• _SOURCE DATA_:
==================================================

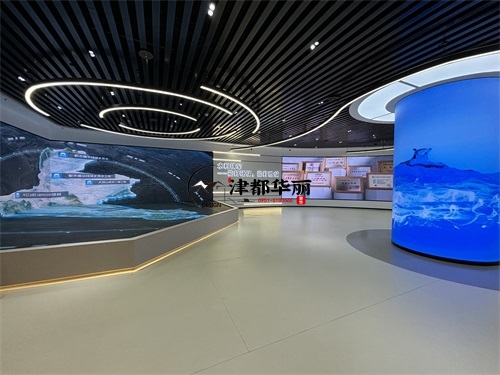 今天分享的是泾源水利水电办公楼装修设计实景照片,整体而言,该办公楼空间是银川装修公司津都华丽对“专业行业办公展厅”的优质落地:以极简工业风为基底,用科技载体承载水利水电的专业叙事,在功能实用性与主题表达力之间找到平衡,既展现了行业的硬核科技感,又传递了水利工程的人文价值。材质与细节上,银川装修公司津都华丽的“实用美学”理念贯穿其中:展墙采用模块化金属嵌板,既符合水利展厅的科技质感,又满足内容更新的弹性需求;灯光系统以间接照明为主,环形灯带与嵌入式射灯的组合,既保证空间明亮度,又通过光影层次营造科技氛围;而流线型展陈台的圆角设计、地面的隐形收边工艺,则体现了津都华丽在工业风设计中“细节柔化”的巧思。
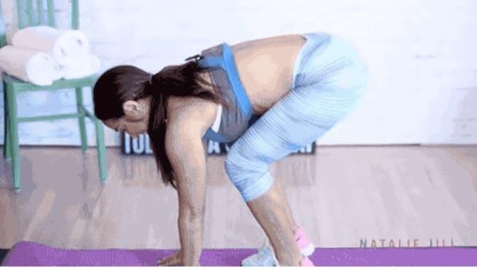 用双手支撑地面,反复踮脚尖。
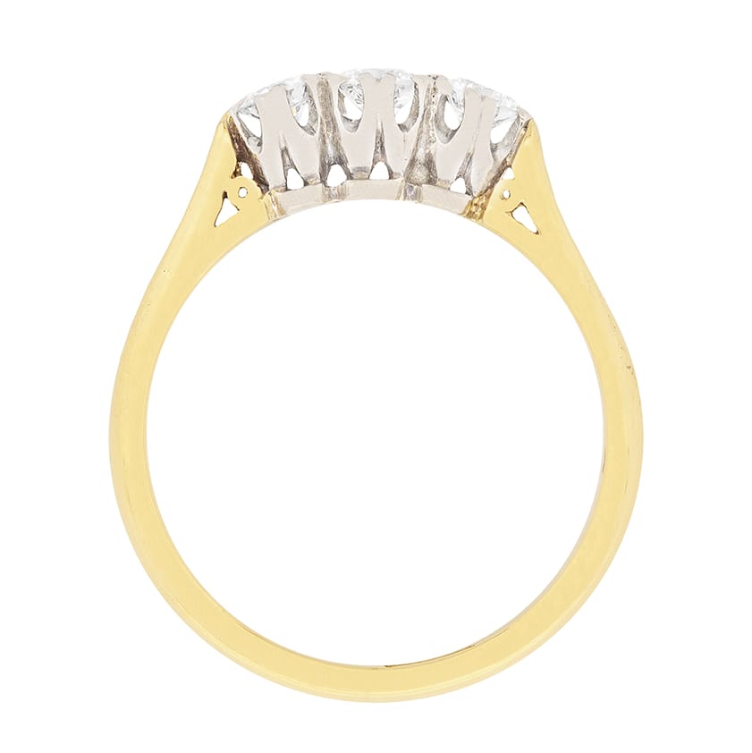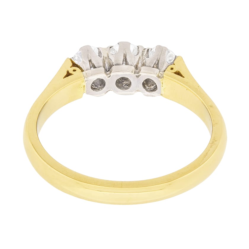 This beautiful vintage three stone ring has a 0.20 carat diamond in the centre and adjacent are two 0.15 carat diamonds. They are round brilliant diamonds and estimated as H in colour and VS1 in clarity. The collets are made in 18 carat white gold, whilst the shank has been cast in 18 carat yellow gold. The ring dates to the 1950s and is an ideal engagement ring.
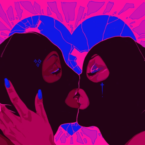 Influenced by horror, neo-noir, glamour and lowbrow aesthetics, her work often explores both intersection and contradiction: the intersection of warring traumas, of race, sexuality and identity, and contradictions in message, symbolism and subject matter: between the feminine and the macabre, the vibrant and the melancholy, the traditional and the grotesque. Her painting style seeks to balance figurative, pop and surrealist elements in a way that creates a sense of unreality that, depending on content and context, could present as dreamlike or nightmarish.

==================================================

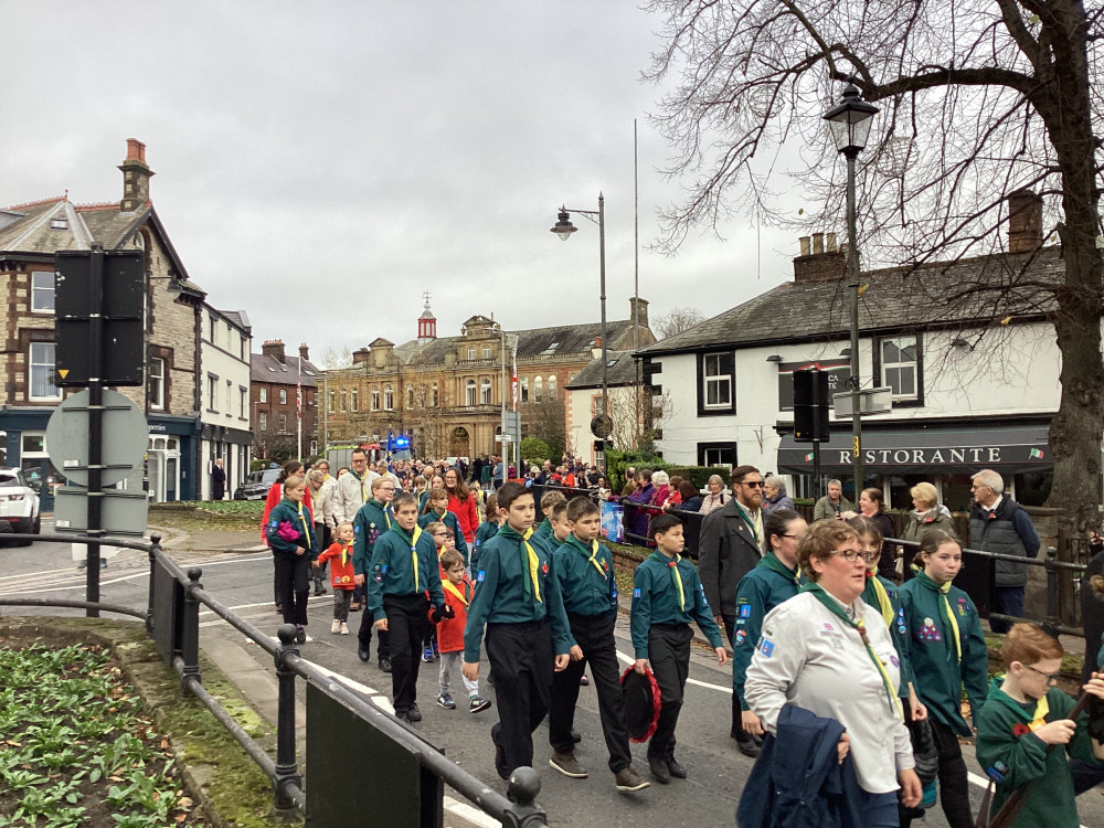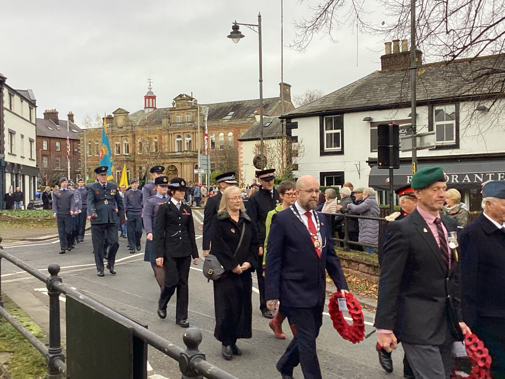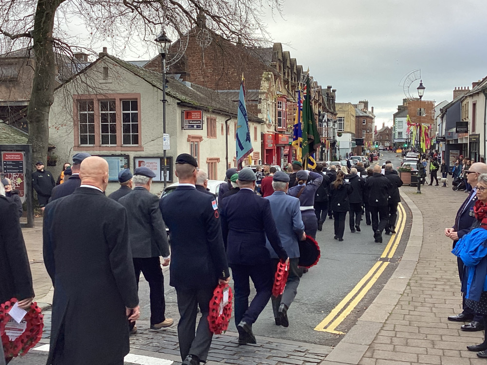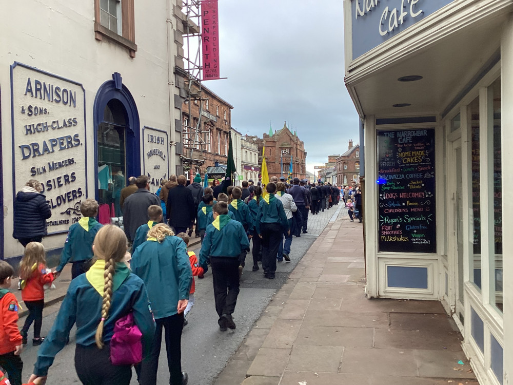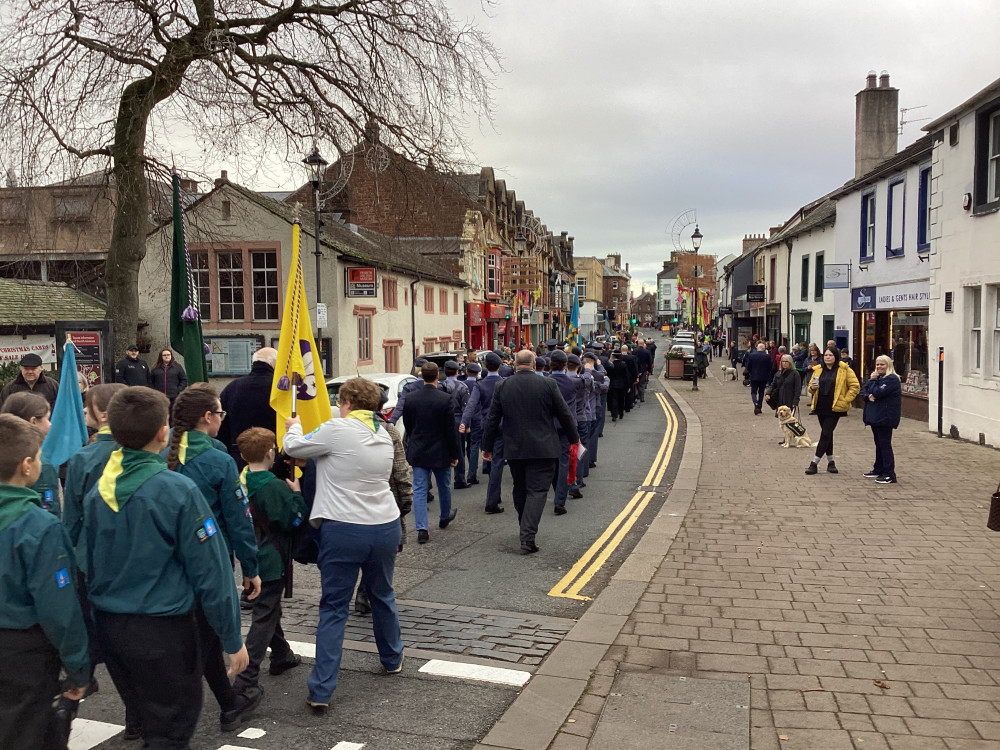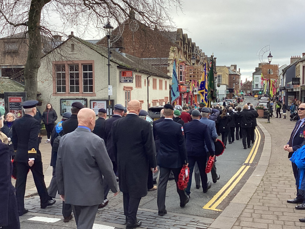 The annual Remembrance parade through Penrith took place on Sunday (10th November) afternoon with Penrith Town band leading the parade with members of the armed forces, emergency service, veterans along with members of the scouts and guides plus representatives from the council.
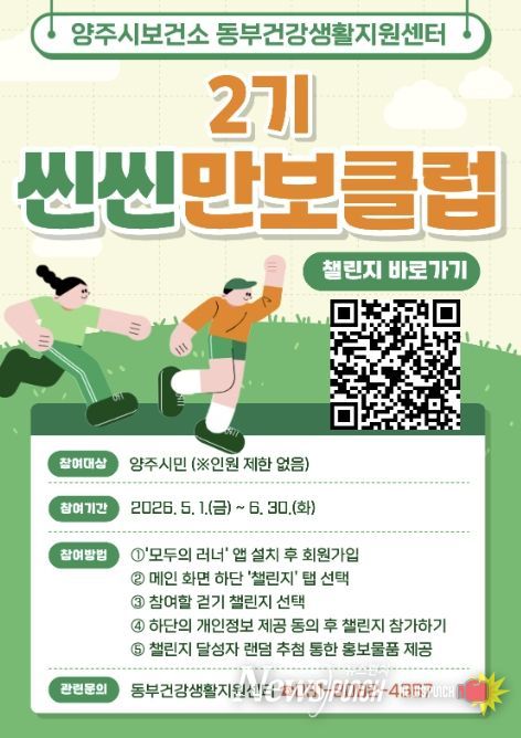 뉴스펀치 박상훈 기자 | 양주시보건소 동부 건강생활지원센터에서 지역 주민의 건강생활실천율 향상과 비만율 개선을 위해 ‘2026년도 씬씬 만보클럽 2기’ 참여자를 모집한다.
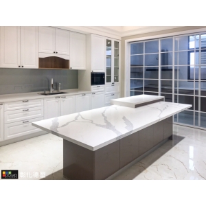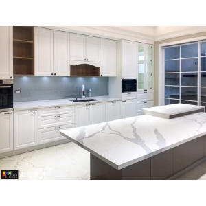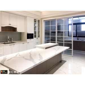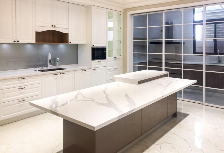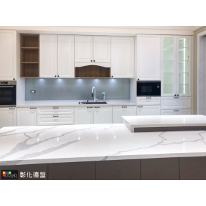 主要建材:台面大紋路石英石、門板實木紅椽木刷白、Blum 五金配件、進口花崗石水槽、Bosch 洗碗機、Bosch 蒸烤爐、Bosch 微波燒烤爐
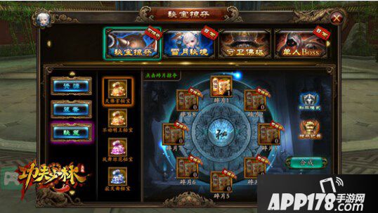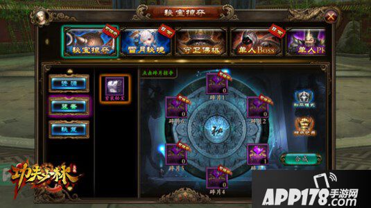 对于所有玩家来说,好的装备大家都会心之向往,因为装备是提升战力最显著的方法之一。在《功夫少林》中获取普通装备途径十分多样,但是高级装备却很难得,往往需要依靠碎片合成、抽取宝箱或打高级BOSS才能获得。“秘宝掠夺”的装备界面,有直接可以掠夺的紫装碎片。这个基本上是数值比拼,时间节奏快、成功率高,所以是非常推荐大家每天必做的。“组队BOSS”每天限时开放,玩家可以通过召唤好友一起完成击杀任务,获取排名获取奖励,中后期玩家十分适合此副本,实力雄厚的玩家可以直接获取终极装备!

==================================================

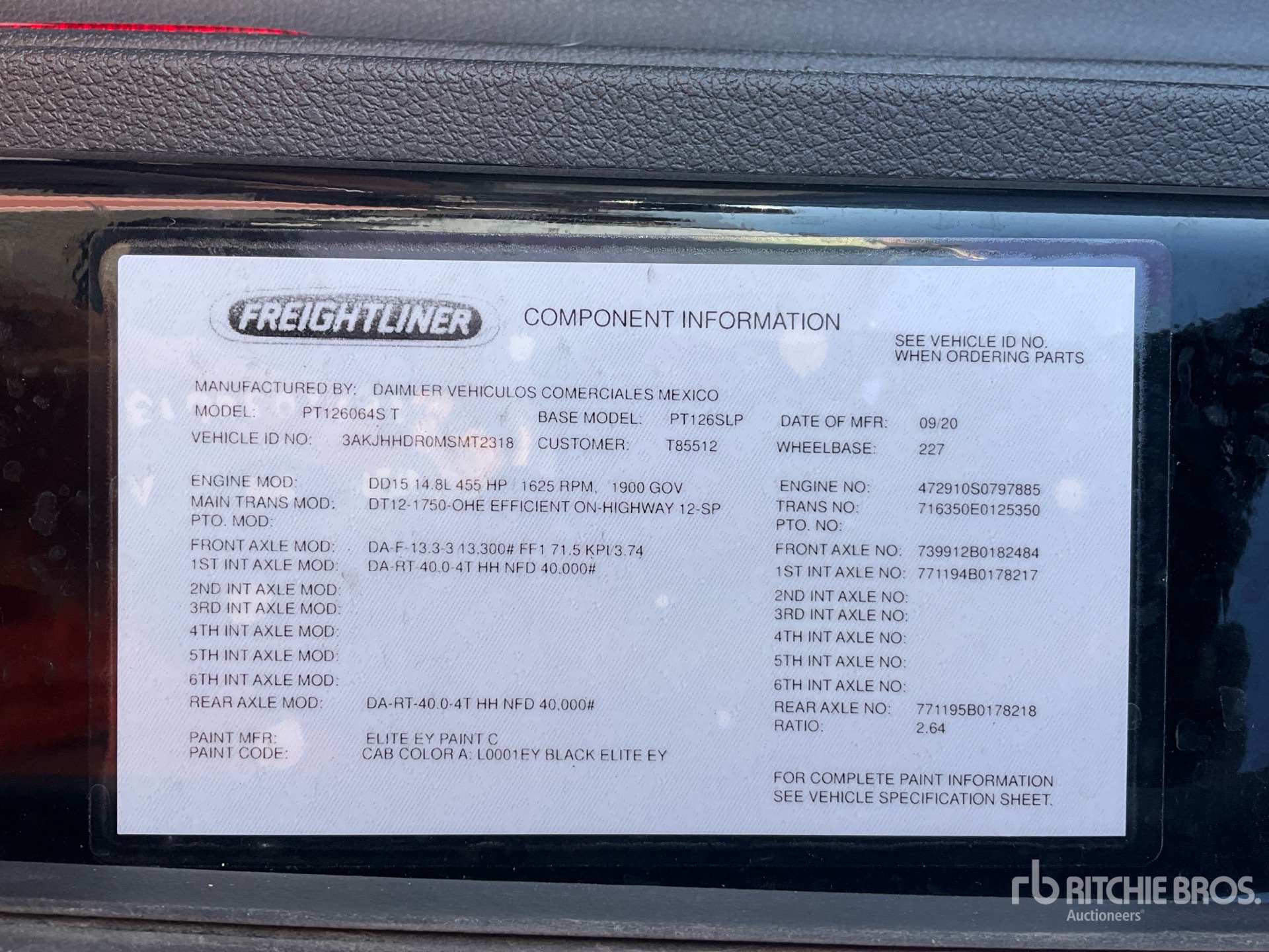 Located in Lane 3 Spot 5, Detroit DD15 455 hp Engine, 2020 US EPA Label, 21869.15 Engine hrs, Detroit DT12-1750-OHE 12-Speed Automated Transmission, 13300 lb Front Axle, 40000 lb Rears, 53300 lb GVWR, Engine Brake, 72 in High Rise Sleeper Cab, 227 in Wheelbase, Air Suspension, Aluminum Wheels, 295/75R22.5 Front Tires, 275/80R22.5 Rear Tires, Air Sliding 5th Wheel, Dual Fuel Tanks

==================================================

• _TASK DESCRIPTION_: All pictures are to be skipped. Output, word for word, the lines in the data above starting at the line containing "This beautiful vintage" and ending at the line containing "Influenced by horror, neo-noir, glamour".

• _TASK ANSWER_:
 This beautiful vintage three stone ring has a 0.20 carat diamond in the centre and adjacent are two 0.15 carat diamonds. They are round brilliant diamonds and estimated as H in colour and VS1 in clarity. The collets are made in 18 carat white gold, whilst the shank has been cast in 18 carat yellow gold. The ring dates to the 1950s and is an ideal engagement ring.
 Influenced by horror, neo-noir, glamour and lowbrow aesthetics, her work often explores both intersection and contradiction: the intersection of warring traumas, of race, sexuality and identity, and contradictions in message, symbolism and subject matter: between the feminine and the macabre, the vibrant and the melancholy, the traditional and the grotesque. Her painting style seeks to balance figurative, pop and surrealist elements in a way that creates a sense of unreality that, depending on content and context, could present as dreamlike or nightmarish.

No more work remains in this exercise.